Early Hebrew letters (Paleo-Hebrew) came from the older Phoenician alphabet (“phonetic” is not a coincidence), which had 22 letters, all consonants, just like its Hebrew offspring. The Phoenicians lived along the Syrian, Lebanese, and northern Israeli coast, and spread their alphabet across the Mediterranean regions, setting the stage for the development of Greek, Arabic, Hebrew, Latin, and later English.

In the phonetic Hebrew language the crossed sticks symbol, tav, represented only the “t” sound, as in “toy.” In a similar way, the Greek letter tau makes the “t” sound. English doesn’t generally spell out its letter names, but one could say the English tee makes the “t” sound. There is no evidence that the ox head, the crossed sticks, the man’s head, nor the others were actually used by the Hebrews in a pictographic way, where if one wanted to write the word house one would draw beyt. You had to use letters to form words, like  (ba-yit) above. And no one thought the word “house” contained the secret code of “house-arm-mark.”

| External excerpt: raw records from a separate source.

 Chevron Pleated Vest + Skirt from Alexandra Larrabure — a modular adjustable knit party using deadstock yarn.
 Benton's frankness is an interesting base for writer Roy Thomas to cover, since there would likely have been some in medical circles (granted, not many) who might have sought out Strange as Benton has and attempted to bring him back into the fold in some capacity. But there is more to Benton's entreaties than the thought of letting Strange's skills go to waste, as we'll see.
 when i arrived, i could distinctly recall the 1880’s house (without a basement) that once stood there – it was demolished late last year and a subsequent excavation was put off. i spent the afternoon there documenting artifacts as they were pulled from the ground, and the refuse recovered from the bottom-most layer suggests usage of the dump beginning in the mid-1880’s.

“The letters never really ‘meant’ those things” to the Hebrews, says Molly Zahn, associate professor of Religious Studies at the University of Kansas, “because the whole point of an alphabet of only a limited number of letters (22 in the case of Hebrew) is to represent sounds, not ideas.” Pictographic languages like hieroglyphics require hundreds — thousands — of signs to be useful.

Other societies, such as the Egyptians and Sumerians, did use pictographic language for a time (think hieroglyphics and cuneiform), but there is no evidence the Hebrews did. The best evidence points to the first Hebrew writing system being an offshoot of the Phoenician script, which aligns neatly with the evidence that the Hebrew people themselves were an offshoot of the Canaanites, a group that included the Phoenicians.

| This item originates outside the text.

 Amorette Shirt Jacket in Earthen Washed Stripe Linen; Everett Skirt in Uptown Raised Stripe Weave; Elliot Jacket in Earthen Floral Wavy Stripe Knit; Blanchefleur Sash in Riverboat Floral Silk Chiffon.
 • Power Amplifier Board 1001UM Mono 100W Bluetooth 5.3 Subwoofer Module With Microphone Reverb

Now, that does not mean the symbols used by the Hebrews were never used in a pictographic way — they were just never used in a pictographic way by the Hebrews. There is no evidence (“None whatsoever,” emphasized Victor H. Matthews, dean of Religious Studies at Missouri State University) that the Hebrews as an independent people used a pictographic language; they were likely already armed with a Canaanite phonetic language upon their formation. We thus arrive at this question of how it is the names of these Hebrew letters are essentially the same as the words of the everyday objects they were modeled on. This phenomenon has certainly made the bereshit argument seem plausible to some.

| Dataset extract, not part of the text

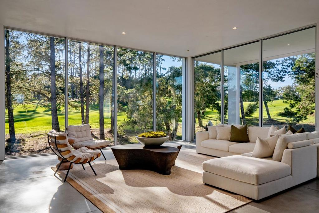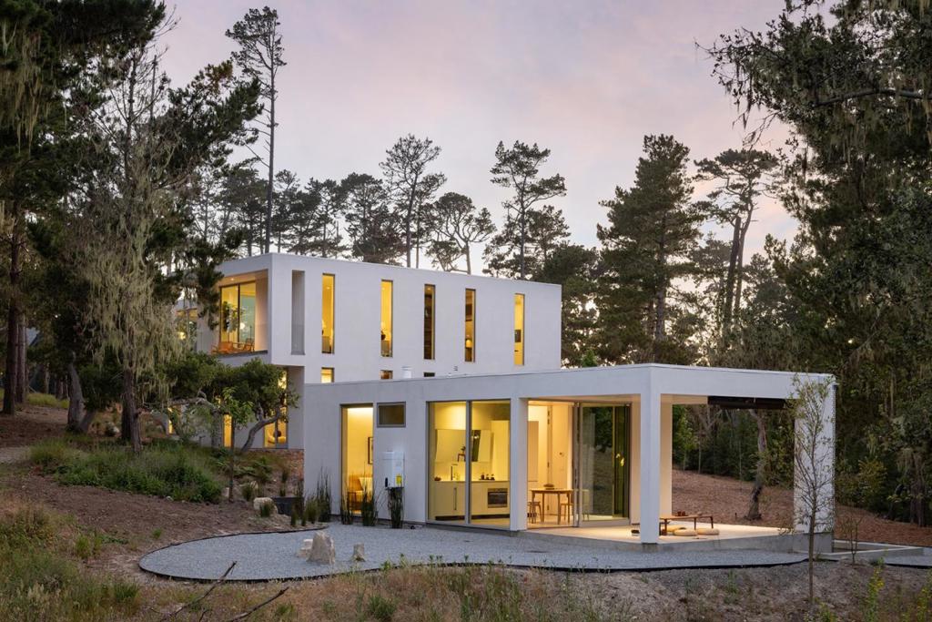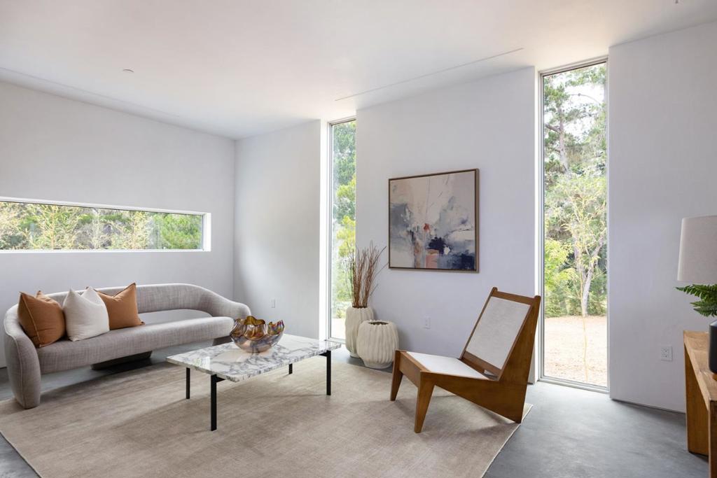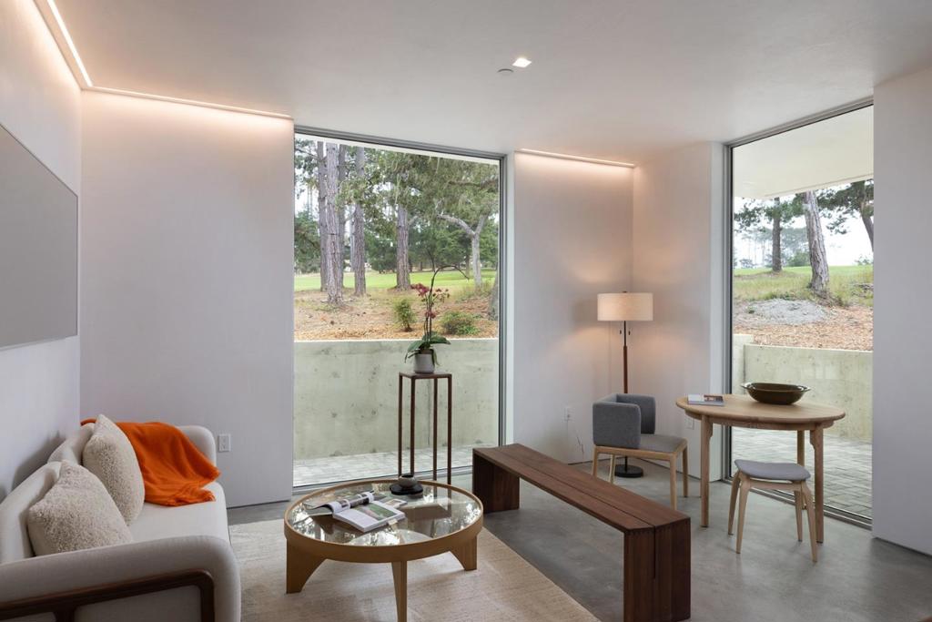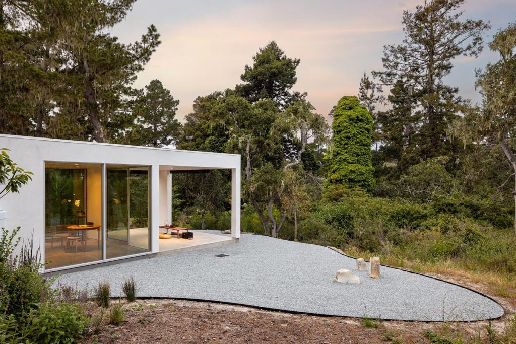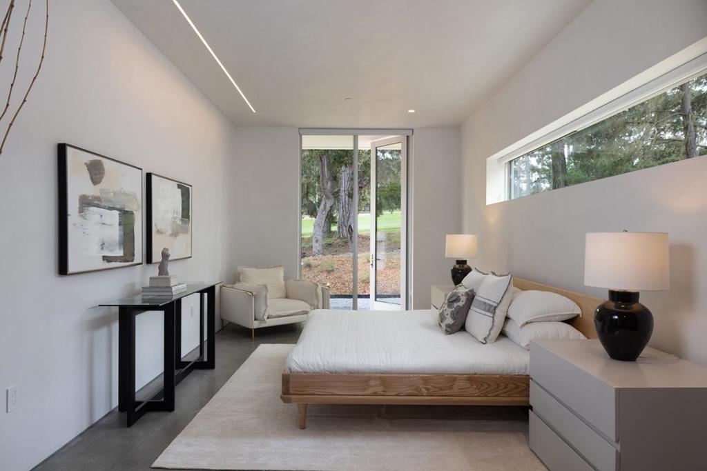 With sweeping views of Spyglass Hills 11th fairway and filtered ocean vistas, the Waterbridge House is an extraordinary Scandinavian-Japanese minimalist estate. This newly constructed compound is comprised of the stunning main house, a private ADU, and a Tea House (Guest House) floating on water. The striking architecture embraces intentional simplicity, blending natural elements with modern form. Two architectural axes, interior and exterior, guide you through spaces that reveal and conceal, including the “Waterbridge,” a glazed walkway over a tranquil pond. The sculptural Cloud Steps lead to a light-filled interior where polished concrete floors, Western floor-to-ceiling windows, Italian concealed Infinity doors, and Poliform cabinetry define quiet luxury. Sustainability meets sophistication with triple-glazed windows, radiant heat, and an automated energy recovery system. From Sub-Zero, Wolf, and Miele appliances to Italian Flos lighting and Simply White plaster walls, every detail reflects enduring craftsmanship and environmental mindfulness. Located in the heart of Pebble Beach near The Lodge and by the Spyglass Club House, Waterbridge House is a half mile to the beach and a short drive from all the wonderful amenities of Carmel, Big Sur, and the Monterey Peninsula.

If we were to look back in time, before the Hebrews existed, before Phoenicia developed its groundbreaking alphabet, we would likely see the people of the region using pictograms of objects. As Zahn explains, they used the image of an ox’s head to mean an alpu (ox) and a little house drawing to represent a ba-yit. These were eventually used by the first phonetic thinkers to represent sounds, specifically these words’ first syllables, the “ah” and “b” sounds. Alpu evolved into different forms — aleph (Phoenician, Hebrew), alpha (Greek), alif (Arabic); so did ba-yit — beth (Phoenician), beyt (Hebrew), beta (Greek, today more vita), ba (Arabic), and so on. So it should not be surprising that objects and letters modeled off those objects should have nearly the same names. This is not unique to Hebrew, either. The Arabic word for tooth (sini) looks like سن and sounds, and appears, remarkably like the letter س (sin). The Arabic word for hand (yd) looks like يد and is somewhat close to the letter ي (ya). Other examples in Arabic and other tongues are not difficult to find.

Some will of course argue that the Hebrews, being “God’s chosen people,” invented the pictographs (and/or phonetics) themselves and disseminated them to other peoples. Or that regardless of how biblical Hebrew came about God nevertheless orchestrated events so that whoever wrote Genesis unwittingly put a secret message of Christ’s story in “in the beginning.” But given the evidence it must be concluded that the message could at best be “son-chief-tooth-hand-mark,” which itself is an arbitrary arrangement, word choice made by Christians wishing to construct what is not there.

The final verdict on bereshit? To quote Tremper Longman III, professor of Biblical Studies at Westmont College, “It’s bull.”